Линор Горалик
Имени такого-то
Редактор серии
Д. Ларионов
В оформлении обложки использована фотография Питера Генри Эмерсона «Берег в тумане», между 1890–1895 г. Рейксмузеум, Амстердам / Rijksmuseum Amsterdam.
© Л. Горалик, 2022
© Н. Агапова, дизайн обложки, 2022
© ООО «Новое литературное обозрение», 2022
В работе над этим текстом автор вдохновлялся историями эвакуации и бытования советских психиатрических больниц в годы Великой Отечественной войны (подробнее об этом рассказывается в послесловии). Естественно, вдохновение вдохновением, а текст текстом: все персонажи вымышлены, все события вымышлены, все совпадения случайны; а вот реальные люди, которые спасали и лечили пациентов в это страшное время, – по большей части немыслимые герои.
1. Терпентазол
– Не тупите, Сидур, – прокряхтел Борухов, вцепившись в одно из жвал самолетницы: он тянул жвальце на себя, упершись хромой ногой в погнутый фюзеляж. Карманная аптечка мертвого немца уже выпирала у Борухова из-под халата, и доктор Сидоров с неприязнью подумал, что там она наверняка и останется. – Давайте тяните, Сидур, там должна быть основная аптечка, сейчас дождь пойдет.
– Шутка ваша поднадоела, – сказал Сидоров с отвращением, но все-таки подошел, оскальзываясь в грязи и крови, и, с усилием отодвинув завораживающей красоты прозрачное, переломанное в трех местах надкрылье бомбардировщицы, все в толстых перламутровых прожилках, плавно переходящих в неживую стальную оболочку кабины, пристроился рядом с Боруховым и стал дергать зазубренное жвало на себя, плечом поминутно поправляя очки с толстенными стеклами.
– Ну, не Сидур, – примирительно сказал Борухов. – Шадур. Симхин. Шнеерзон. Впрочем, это все равно. Судя по тому, что эти твари сделали в Воронежске, им достаточно не вашего профиля, а профиля нашего, так сказать, заведения. Что это, кстати, за половинчатое решение – «Яков Игоревич»? Сделали бы уже вас Ярославом.

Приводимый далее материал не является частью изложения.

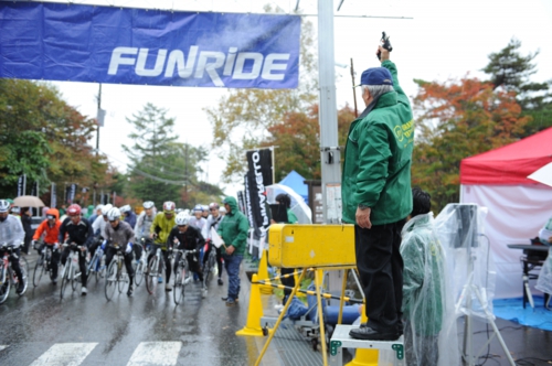台風18号関東直撃に関わらず2100名を超える皆様が前日受付され、グランフォンド八ケ岳への期待と人気の高さを改めて認識しました。また、悪天候にも関わらず300名を超える地域ボランティアの皆様のご協力を頂きました。心より御礼申し上げます。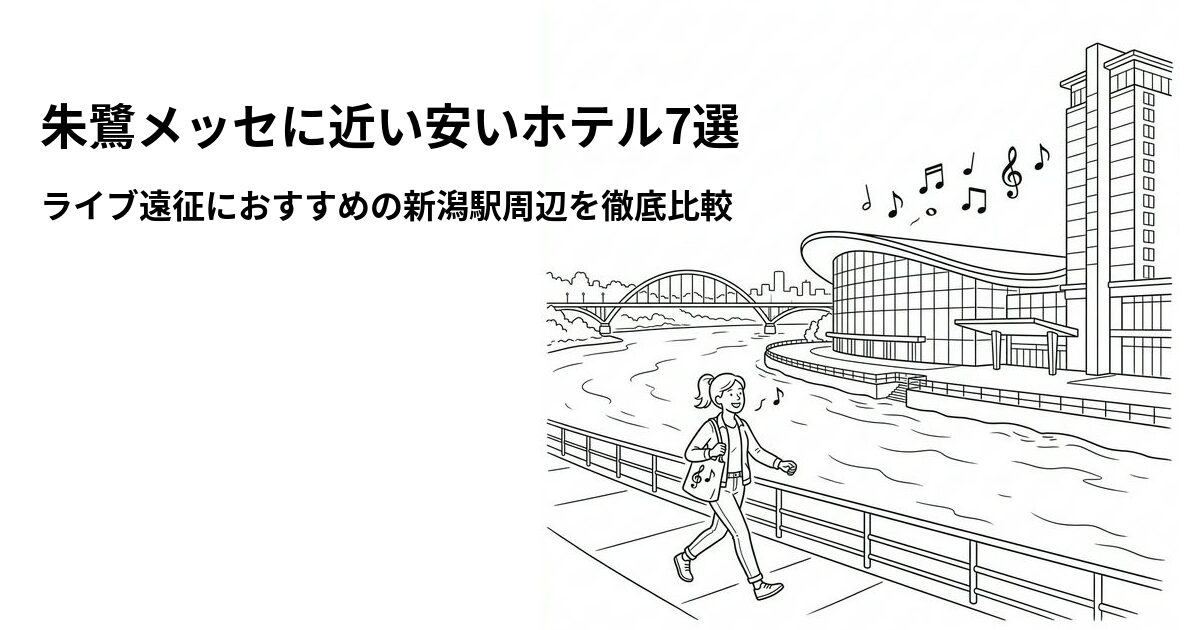 朱鷺メッセに近い安いホテルを7軒ご紹介しました。会場直結で終演後の移動ゼロという快適さならホテル日航新潟が文句なしの1位。コスパ重視ならジュラクステイ新潟(¥2,760〜)、温泉重視ならドーミーイン新潟、駅近重視ならホテルグローバルビュー新潟(駅徒歩1分)と、目的に合わせて選ぶのがおすすめです。

– Про Воронежск – это все слухи, зачем вы повторяете? – сказал Сидоров, слабея ногами.
– Не слухи, и вы это знаете, – прокряхтел Борухов, становясь от натуги пунцовым и продолжая дергать, наваливаться и тянуть.
Внезапно жвальце самолетницы, страшно хрустнув, выломилось из паза, и на воротник грязного халата Борухова, на шерстяное, щегольское синее пальто излилась струя омерзительной бурой жижи. У Сидорова подступило к горлу. Борухов же как ни в чем не бывало втиснул руку в освободившийся паз: ясно было, что пальто теперь так или иначе не жилец. Из-под руки у него сочилось все то же месиво, пахнувшее одновременно машинным маслом и отвратительной нелюдской органикой, и если бы Сидоров знал, каково ему будет от этого запаха, он бы отказался участвовать во всей затее, отказался бы идти с Боруховым (который почему-то упорно тащил за собой именно его, хотя на подвиг, естественно, рвалась дура Милочка Витвитинова, – а с другой стороны, не женщин же звать).
– Нащу-у-упал! – протянул Борухов удовлетворенно и худыми пальцами отщелкнул задвижку кабины пилота. Крошечная форточка распахнулась, отодвинутая пружиной, и стало казаться, будто бомбардировщица, чья оторванная зенитным выстрелом хвостовая часть с витым жалом и погнутыми винтами валялась сейчас за больницей, внезапно приоткрыла раскосый глаз. Борухов пошарил под панелью, что-то нашел, потянул, дернул и вытащил на свет аккуратно упакованный серый тканевый сверток с красным крестом в белом кругу.
– Откуда вы все это знаете? – спросил Сидоров, борясь с тошнотой.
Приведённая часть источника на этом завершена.